The broad effect of M013 expression in the retina of EAU mice observed by qRT-PCR and multiplex ELISA suggests that M013 can indirectly modulate multiple immune relevant pathways in the retina. This could possibly be the ability of M013 to modulate the expression of cytokines involved in the early stages of the disease or due to a yet uncharacterized interaction of M013 with proteins expressed within retinal cells. A better understanding of this intricate effect will allow the refinement of our efforts to translate the use of M013 as a therapeutic intervention. The recent characterization of M013 interaction with either NF-κB or ASC-1 by Garg et al. [8] opens the possibility to determine the contribution of each pathway towards the overall protective effect of this gene in the setting of EAU. We are currently testing some of these mutant forms of M013 in other animal models. Finally, the use of single cell RNAseq will allow the characterization of the cellular and gene expression changes mediated by M013 expression in the retina of the EAU mouse model, thus allowing the identification of potential side effects due to prolonged inhibition of these pathways in the retina.

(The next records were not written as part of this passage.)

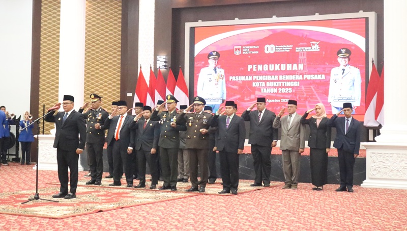 Upacara pengukuhan berlangsung khidmat. Seluruh anggota Paskibraka mengucapkan ikrar Putra Indonesia dan melakukan prosesi memegang Sang Saka Merah Putih, diiringi lagu “Padamu Negeri”. Acara ini turut dihadiri oleh Forkopimda, serta sejumlah Kepala SKPD dan OPD Kota Bukittinggi. (*)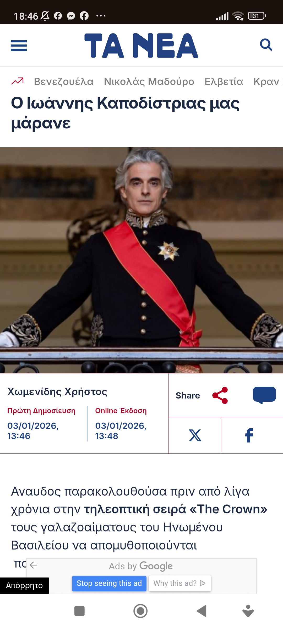 Απόψεις Εκπαίδευση / ΠολιτισμόςΧωμενίδης: Ο Καποδίστριας μας μάρανε Πέτρος Ιωάννου3 μήνες ago3 μήνες ago01 mins Ο Ιωάννης Καποδίστριας μας μάρανε Πλοήγηση άρθρων Previous: Σοκ απ’ την ωμή εισβολή των ΗΠΑ στη ΒενεζουέλαNext: Σμαραγδής: Η Ελλάδα δεν είναι αυτοδύναμη δημοκρατία αλλά το άθροισμα εγκληματικών ενεργειών των πολιτικών Αφήστε μια απάντηση Ακύρωση απάντησηςΗ ηλ. διεύθυνση σας δεν δημοσιεύεται. Τα υποχρεωτικά πεδία σημειώνονται με *Σχόλιο * Όνομα * Email * Ιστότοπος Αποθήκευσε το όνομά μου, email, και τον ιστότοπο μου σε αυτόν τον πλοηγό για την επόμενη φορά που θα σχολιάσω.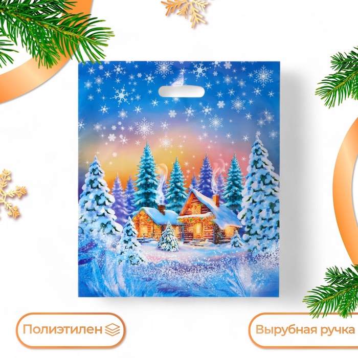 Пакет новогодний «Снежный лес», полиэтиленовый с вырубной ручкой 40×47 см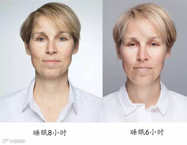 除了隐性问题,睡不好还有一个最直观的体现——会让你变丑, 据《每日邮报》,46岁的Sarah Chalmers参加了英国伦敦的一个睡眠学校的实验,连续五天只睡6个小时与睡满8个小时的区别是什么呢?请看对比照:

A limitation of our study is that it only demonstrated that AAV-TatM013 protects against retinal inflammation, but it did not evaluate if this vector can also treat the disease. Due to the time it takes for the inflammation to peak in the EAU mouse model and the time it takes for the AAV to express a transgene in the post-mitotic cells of the retina (~21–30 days), it is not feasible to test if this vector can treat uveoretinitis using this model. Future experiments will combine the use of self-complementary AAV vectors which are known to have a shorter time to expression in the retina (~14 days) with the use of a mouse model of spontaneous autoimmune uveitis. The B10.RIII mice carrying the R161M T-cell receptor mutation was developed and characterized by Horai et al. and developed spontaneous autoimmune uveitis with a 100% incidence by 11 weeks of age [16,29]. This mouse model will allow the testing once the disease commences and to determine how M013 affects the progression of the disease.

5. Conclusions

We have demonstrated that the use of an AAV delivering a secretable and cell penetrating M013 gene can protect the eye against ocular inflammation due to autoimmune damage. This viral vector can be of benefit in autoimmune diseases such as rheumatoid arthritis or sympathetic ophthalmia.

6. Patents

This work is covered in US patent application US20160376325A1.